TASK BRIEF:
Would you please retype, exactly, the lines of the listing below between the line with "وسایلی که همراه" and the line with "第四节综合传热将几种传热方式", inclusive?

SUPPLIED DATA:

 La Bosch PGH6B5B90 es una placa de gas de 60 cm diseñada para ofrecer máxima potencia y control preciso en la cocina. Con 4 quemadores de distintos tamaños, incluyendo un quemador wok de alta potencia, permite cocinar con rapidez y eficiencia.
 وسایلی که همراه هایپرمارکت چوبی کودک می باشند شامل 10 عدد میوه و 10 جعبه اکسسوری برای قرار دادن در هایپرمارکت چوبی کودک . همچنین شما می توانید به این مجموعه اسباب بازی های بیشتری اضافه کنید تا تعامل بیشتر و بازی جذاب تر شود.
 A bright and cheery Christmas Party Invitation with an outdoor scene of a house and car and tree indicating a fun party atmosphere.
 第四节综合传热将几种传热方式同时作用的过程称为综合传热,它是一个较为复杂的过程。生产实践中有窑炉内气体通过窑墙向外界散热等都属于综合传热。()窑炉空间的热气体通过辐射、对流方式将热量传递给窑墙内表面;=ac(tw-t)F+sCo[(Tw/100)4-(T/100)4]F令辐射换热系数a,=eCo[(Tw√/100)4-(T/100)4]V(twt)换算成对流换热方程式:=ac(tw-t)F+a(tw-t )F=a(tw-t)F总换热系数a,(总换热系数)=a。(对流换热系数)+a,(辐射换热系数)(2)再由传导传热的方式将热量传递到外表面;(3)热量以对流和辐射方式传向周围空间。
==
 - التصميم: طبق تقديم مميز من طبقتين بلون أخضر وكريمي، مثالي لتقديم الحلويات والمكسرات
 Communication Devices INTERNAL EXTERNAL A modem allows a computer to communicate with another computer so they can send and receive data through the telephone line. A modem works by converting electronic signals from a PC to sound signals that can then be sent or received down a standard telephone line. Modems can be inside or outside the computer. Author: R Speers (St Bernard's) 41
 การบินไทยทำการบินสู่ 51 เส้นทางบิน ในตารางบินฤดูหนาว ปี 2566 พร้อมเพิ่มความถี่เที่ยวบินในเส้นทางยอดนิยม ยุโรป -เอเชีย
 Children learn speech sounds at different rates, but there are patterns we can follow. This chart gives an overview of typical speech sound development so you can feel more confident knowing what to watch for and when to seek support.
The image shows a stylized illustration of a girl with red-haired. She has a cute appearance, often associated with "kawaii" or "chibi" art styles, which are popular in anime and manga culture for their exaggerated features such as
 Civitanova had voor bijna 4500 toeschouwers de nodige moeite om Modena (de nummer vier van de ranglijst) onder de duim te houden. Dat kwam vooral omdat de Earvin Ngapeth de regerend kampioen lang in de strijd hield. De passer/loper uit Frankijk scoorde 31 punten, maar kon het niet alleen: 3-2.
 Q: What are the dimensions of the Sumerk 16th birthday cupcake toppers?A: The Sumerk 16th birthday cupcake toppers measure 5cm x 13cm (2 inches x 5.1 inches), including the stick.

TASK OUTPUT:
 وسایلی که همراه هایپرمارکت چوبی کودک می باشند شامل 10 عدد میوه و 10 جعبه اکسسوری برای قرار دادن در هایپرمارکت چوبی کودک . همچنین شما می توانید به این مجموعه اسباب بازی های بیشتری اضافه کنید تا تعامل بیشتر و بازی جذاب تر شود.
 A bright and cheery Christmas Party Invitation with an outdoor scene of a house and car and tree indicating a fun party atmosphere.
 第四节综合传热将几种传热方式同时作用的过程称为综合传热,它是一个较为复杂的过程。生产实践中有窑炉内气体通过窑墙向外界散热等都属于综合传热。()窑炉空间的热气体通过辐射、对流方式将热量传递给窑墙内表面;=ac(tw-t)F+sCo[(Tw/100)4-(T/100)4]F令辐射换热系数a,=eCo[(Tw√/100)4-(T/100)4]V(twt)换算成对流换热方程式:=ac(tw-t)F+a(tw-t )F=a(tw-t)F总换热系数a,(总换热系数)=a。(对流换热系数)+a,(辐射换热系数)(2)再由传导传热的方式将热量传递到外表面;(3)热量以对流和辐射方式传向周围空间。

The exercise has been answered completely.